I'm after something with some degree of responsiveness (more than, say, a guinea pig). Also a pet which doesn't need to be let out to the toilet, but which can be let out of it's cage (if there is one) and wont get lost under the sofa (like a hamster!). We have space to give a pet it's own room if required and have lots of hallways etc for safe roaming. I would like to preserve my carpets if possible (I mean from being shredded, not made dirty) although don't mind laying lino or whatever down in places. Another bonus would be being able to take it outside. I don't have a garden but we have a park 5 minutes away. I don't mind a diet which requires food to be prepared. Also would prefer to avoid much more vet cost than a dog, but initial outlay cost is not so much of a problem.

So far I think the best thing that fits is a ferret, although TBH I'd rather something larger/more companion-like. I've also looked into skunks and foxes, which is what I'm considering now, but wanted to know if there were any other suggestions.

I realise this is a longer post than I intended but I'm keen to get your useful suggestions!

Thanks a lot!


----------



## selina20 (May 28, 2008)

What about an African Pygmy Hedgehog??????


----------



## xNatashax (Nov 20, 2009)

a rabit could be gd


----------



## Yossarian4 (Jun 14, 2010)

selina20 said:


> What about an African Pygmy Hedgehog??????


Now you mention it I did look into these a bit but, and by this I mean no offence, aren't they just prickly hamsters? >.<

My OH would love a rabbit, but had some advice that they *will* chew through cables *all the live long day*. I think this put the OH off as we must use laptops for work and we can't think of an effective way to protect the cables form the rabbit (or vice versa); we wouldn't want to shut the rabbit from the living room :/


----------



## xNatashax (Nov 20, 2009)

you could go to the lizard side of things like a beadie or a good optiln would be a chincilla


----------



## selina20 (May 28, 2008)

Yossarian4 said:


> Now you mention it I did look into these a bit but, and by this I mean no offence, aren't they just prickly hamsters? >.<
> 
> My OH would love a rabbit, but had some advice that they *will* chew through cables *all the live long day*. I think this put the OH off as we must use laptops for work and we can't think of an effective way to protect the cables form the rabbit (or vice versa); we wouldn't want to shut the rabbit from the living room :/


Tell me about it i dont see the appeal in them.

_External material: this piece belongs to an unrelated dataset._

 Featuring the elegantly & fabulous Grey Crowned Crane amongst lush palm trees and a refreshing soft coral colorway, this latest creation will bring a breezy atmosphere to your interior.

What about a sugar glider????


----------



## Yossarian4 (Jun 14, 2010)

selina20 said:


> Tell me about it i dont see the appeal in them.
> 
> What about a sugar glider????


They do seem undeniably cute. Maybe I'll have a look more into these, thanks. They fit loads of my criteria, although not as smart/interactive as some, possibly.

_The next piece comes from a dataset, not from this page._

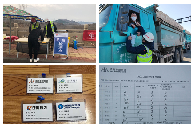 根据集团开(复)工专项疫情防控方案要求,项目部编制详细的防控方案,要求选用济南周边县市施工人员,提前摸排查明人员14天身体状况、行动轨迹,并出具复工人员健康证,确认无误登记备案后,由项目部组织专用车辆点对点接送。项目部办公区、生活区、施工现场采取全封闭管理,均只设一个进出口;设置体温检测点,所有人员均需日常体温检测两次,详细记录人员信息、体温、进出原因等信息;各区域实行每天三次消毒并安排责任到人。同时,对各参建单位人员实行联防联控,制作佩戴实名制胸卡,出入现场实行实名登记测温,严禁未登记人员进入施工区域。

Thanks for the lizard suggestion too. They don't appeal much though, mammals are more my thing. Although with a lizard I could build a mini-set which would make it look like a dinosaur... fneheh


----------



## selina20 (May 28, 2008)

Yossarian4 said:


> They do seem undeniably cute. Maybe I'll have a look more into these, thanks. They fit loads of my criteria, although not as smart/interactive as some, possibly.
> 
> Thanks for the lizard suggestion too. They don't appeal much though, mammals are more my thing. Although with a lizard I could build a mini-set which would make it look like a dinosaur... fneheh


They are adorable and eat from ur hand. Or look into possums


----------



## Yossarian4 (Jun 14, 2010)

selina20 said:


> They are adorable and eat from ur hand. Or look into possums


Ooh these are cute. Anyone got a good resource/some experience? A google search is not revealing a whole lot to me.


----------



## selina20 (May 28, 2008)

Suity has a possum in this section.


----------



## shplooble (Jan 5, 2008)

I'd go skunk! they can pull up the carpet but so long as you keep an eye on em set up a place for them while your out you wont have a problem. Theyre very sweet interactive can go for a walk very docile. I love my skunky and he would fit all your criterea! :2thumb:


Vicky x


----------



## kellystewart (May 11, 2010)

Yeah Suity got lil Smudge (Virginia Opossum) a few weeks ago...I am getting mine in a few weeks too...a lil girl CANNOT wait 

They do seem like ideal pets as what I was looking for is similar to you. However, they are very hard to come by and their diet is somewhat specific to say the least but there is not much on the internet. This is because they have a very specific need for calcium to phosphorus ratios of 1:1 but most protein based/meat diets are 1:15 and the poor lil thing ends up with metabolic bone disorder (basically rickets)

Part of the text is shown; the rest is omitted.